Which is better a sample or instrumentation based profiler?

One of my passions is teaching performance and it is interesting to see students not realize the difference between instrumentation based profilers and sample based profilers.  In fact you might be wondering what the difference is now.  If you are keep reading.

There are a couple of classes or profilers and instrumentation;

Sample based - These are profilers that run without modifying the binaries they gather measurementation on.  Typically time (cpu cycles) are used to determine when to take a sample.  A sample can be a stack trace, current performance counters, or anything else for that matter.  Sampling can also be done on events other than time like system calls, L2 cache miss, ...  When the preset value of time expires or the set number of L2 cache misses happens a sample is taken.

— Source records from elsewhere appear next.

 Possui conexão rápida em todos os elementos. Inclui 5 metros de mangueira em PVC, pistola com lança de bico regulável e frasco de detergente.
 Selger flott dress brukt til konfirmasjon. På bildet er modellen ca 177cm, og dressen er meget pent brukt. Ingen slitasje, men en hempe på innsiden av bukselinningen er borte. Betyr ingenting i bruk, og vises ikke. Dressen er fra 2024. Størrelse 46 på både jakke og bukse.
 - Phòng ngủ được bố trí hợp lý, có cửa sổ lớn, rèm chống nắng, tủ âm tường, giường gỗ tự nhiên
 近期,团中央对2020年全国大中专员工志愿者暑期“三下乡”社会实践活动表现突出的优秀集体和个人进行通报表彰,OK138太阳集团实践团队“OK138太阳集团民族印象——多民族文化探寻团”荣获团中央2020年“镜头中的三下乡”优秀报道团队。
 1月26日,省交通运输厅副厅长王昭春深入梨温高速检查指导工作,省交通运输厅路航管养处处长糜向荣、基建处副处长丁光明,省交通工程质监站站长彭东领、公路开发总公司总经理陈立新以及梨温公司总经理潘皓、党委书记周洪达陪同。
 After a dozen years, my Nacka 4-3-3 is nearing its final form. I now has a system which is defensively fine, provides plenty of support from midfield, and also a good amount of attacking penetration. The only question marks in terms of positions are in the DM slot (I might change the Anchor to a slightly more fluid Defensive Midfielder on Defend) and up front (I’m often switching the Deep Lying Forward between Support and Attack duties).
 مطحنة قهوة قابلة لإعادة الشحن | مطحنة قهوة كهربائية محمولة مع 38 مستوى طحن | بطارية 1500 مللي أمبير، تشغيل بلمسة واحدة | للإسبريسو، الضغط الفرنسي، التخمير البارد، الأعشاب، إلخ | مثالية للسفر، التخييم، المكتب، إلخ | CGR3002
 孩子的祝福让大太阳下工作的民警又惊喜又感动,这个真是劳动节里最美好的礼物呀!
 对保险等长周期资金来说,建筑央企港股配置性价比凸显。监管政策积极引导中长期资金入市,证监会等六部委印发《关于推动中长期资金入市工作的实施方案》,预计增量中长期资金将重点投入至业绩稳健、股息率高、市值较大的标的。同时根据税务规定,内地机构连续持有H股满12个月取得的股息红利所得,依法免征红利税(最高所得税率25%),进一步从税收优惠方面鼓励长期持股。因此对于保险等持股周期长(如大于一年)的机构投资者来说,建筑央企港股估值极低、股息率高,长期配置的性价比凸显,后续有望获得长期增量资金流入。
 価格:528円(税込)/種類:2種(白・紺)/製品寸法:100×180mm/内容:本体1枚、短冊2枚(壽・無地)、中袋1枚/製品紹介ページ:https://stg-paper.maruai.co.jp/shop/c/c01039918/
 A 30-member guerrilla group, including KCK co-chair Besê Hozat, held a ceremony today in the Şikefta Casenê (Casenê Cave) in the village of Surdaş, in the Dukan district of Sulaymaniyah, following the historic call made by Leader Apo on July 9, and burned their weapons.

Instrumentation based profilers - These profilers will modify your binary typically around function entry / exit to gather call stacks.  Just like sample based profilers other information can be collected as well.

Global - Refers to tools that look at the overall performance of systems like the OS + application.

Code level - Refers to profilers that just look at a particular application.  This is what is provided with Visual Studio Team Suite Profilers.

When to use sample vs instrumenation based profilers:

Sample based - Good for CPU bound problems,

Instrumentation based profilers - Good for I/O, idle wait, memory, ...

Which tools exist for Windows?

Sample based profilers - Visual Studio Team Suite Profilers (aka F1), CLRProfiler, PerfMon, ETW (see logman.exe to control), ...

Instrumentation based profilers - Visual Studio Team Suite Profilers (aka F1)

 VTune from Intel and AMD CodeAnalyst are also good profilers. 

Word of caution...

Before diving into Visual Studio Team Suite or other code level profilers you should really start with a gobal performance tool to make sure the problem is in your code.  All too often people spend days profiling their code to find the perfomance issue somewhere else in the system due to an unexpected interaction.  Try tools like Perfmon and ETW (future post) first.

So which is better?

I think the answer really depends on the type of performance issue you are trying to solve.  If most of your problems are with CPU then a sample based profiler is the way to go but you are unlikely to find an I/O issue.

Happy perf hunting...

  Tony